Repeat the listing below in full and exactly, but without its pictures.

**Given entries:**
***

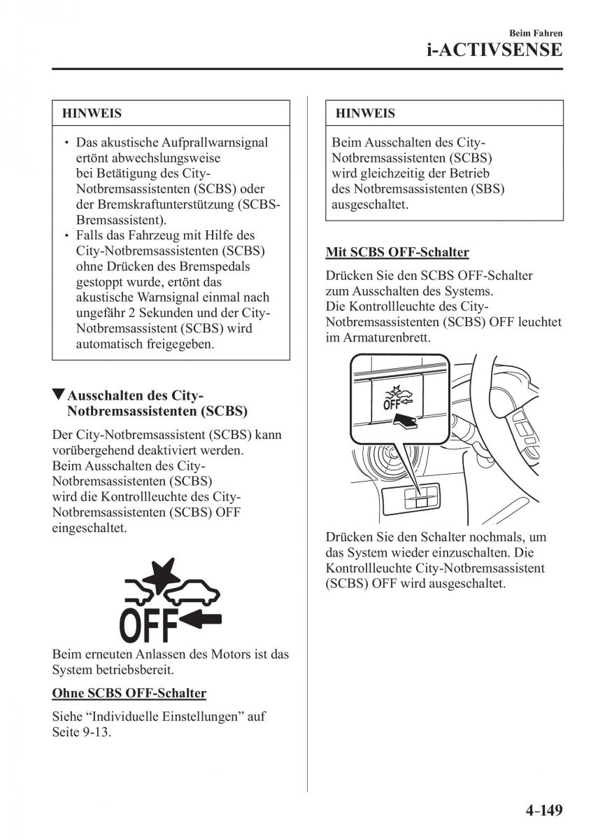 City-Notbremsassistenten (SCBS) SCBS Mit OFF-Schalter
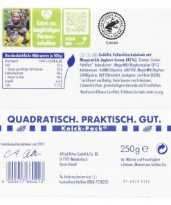 Ritter Sport Chocolate is a brand of German chocolate bars that have been around since 1912. It is a square-shaped chocolate bar that comes in a variety of flavors, such as hazelnut, almond, and marzipan. The chocolate is made with high-quality ingredients and is known for its unique taste and texture. It is also known for its unique packaging, which features a colorful design and a unique shape. Ritter chocolate is a favorite among chocolate lovers, as it is a delicious and unique treat. It is also a great way to show someone you care, as it is a thoughtful and delicious gift. Ritter chocolate is a great way to enjoy a sweet treat and is sure to please any chocolate lover. German chocolate bars are a great way to enjoy a delicious treat and Ritter Sport Chocolate is one of the best. Order Ritter Sport Daydream Yogurt now!
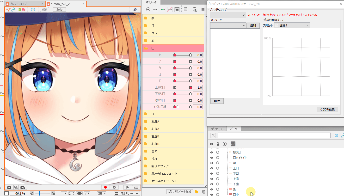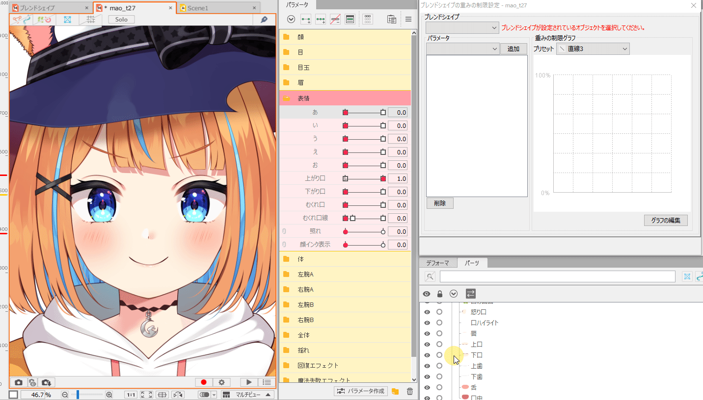 在这种状态下,如果检查参数面板的表情,“A”和“I”显示得很漂亮,但“U”、“E”和“O”仍然损坏。
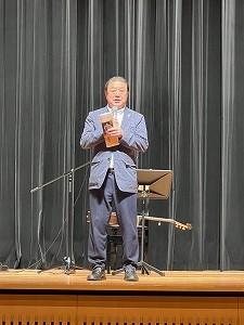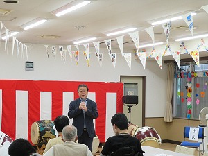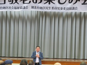 星野市長は、挨拶の中で、敬老お楽しみ会開催に御尽力いただいた湖北台地区社会福祉協議会や関係者の皆様に感謝するとともに、参加された高齢者の皆様に「お身体を大切に、健やかで充実した毎日をお過ごしください」とお祝いの言葉を贈りました。
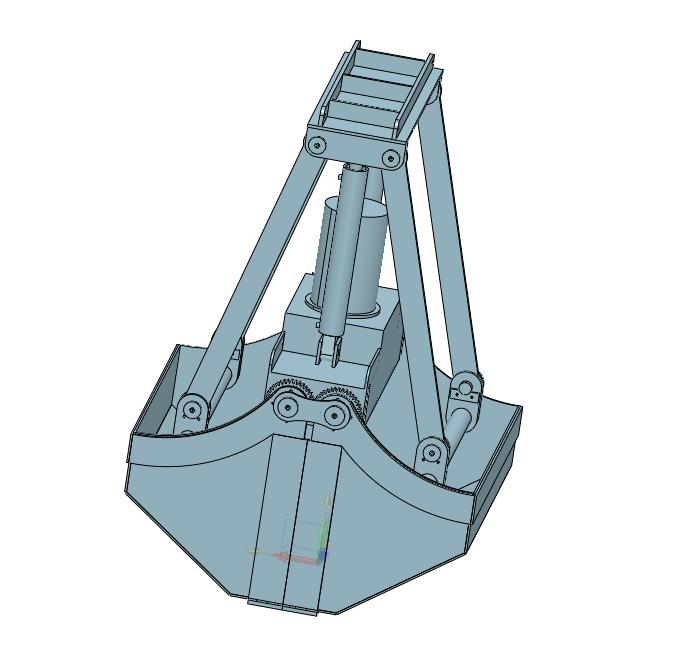 双开贝型挖掘机油缸液压抓斗贝壳斗:内置有油缸进行驱动两侧的齿轮,通过齿轮旋转抓斗,参考价值非常高,可以修改,不含参数,图纸精细,结构新颖,欢迎下载。不能用于商业使用。

***

**Completed exercise:**
 City-Notbremsassistenten (SCBS) SCBS Mit OFF-Schalter
 Ritter Sport Chocolate is a brand of German chocolate bars that have been around since 1912. It is a square-shaped chocolate bar that comes in a variety of flavors, such as hazelnut, almond, and marzipan. The chocolate is made with high-quality ingredients and is known for its unique taste and texture. It is also known for its unique packaging, which features a colorful design and a unique shape. Ritter chocolate is a favorite among chocolate lovers, as it is a delicious and unique treat. It is also a great way to show someone you care, as it is a thoughtful and delicious gift. Ritter chocolate is a great way to enjoy a sweet treat and is sure to please any chocolate lover. German chocolate bars are a great way to enjoy a delicious treat and Ritter Sport Chocolate is one of the best. Order Ritter Sport Daydream Yogurt now!
 在这种状态下,如果检查参数面板的表情,“A”和“I”显示得很漂亮,但“U”、“E”和“O”仍然损坏。
 星野市長は、挨拶の中で、敬老お楽しみ会開催に御尽力いただいた湖北台地区社会福祉協議会や関係者の皆様に感謝するとともに、参加された高齢者の皆様に「お身体を大切に、健やかで充実した毎日をお過ごしください」とお祝いの言葉を贈りました。
 双开贝型挖掘机油缸液压抓斗贝壳斗:内置有油缸进行驱动两侧的齿轮,通过齿轮旋转抓斗,参考价值非常高,可以修改,不含参数,图纸精细,结构新颖,欢迎下载。不能用于商业使用。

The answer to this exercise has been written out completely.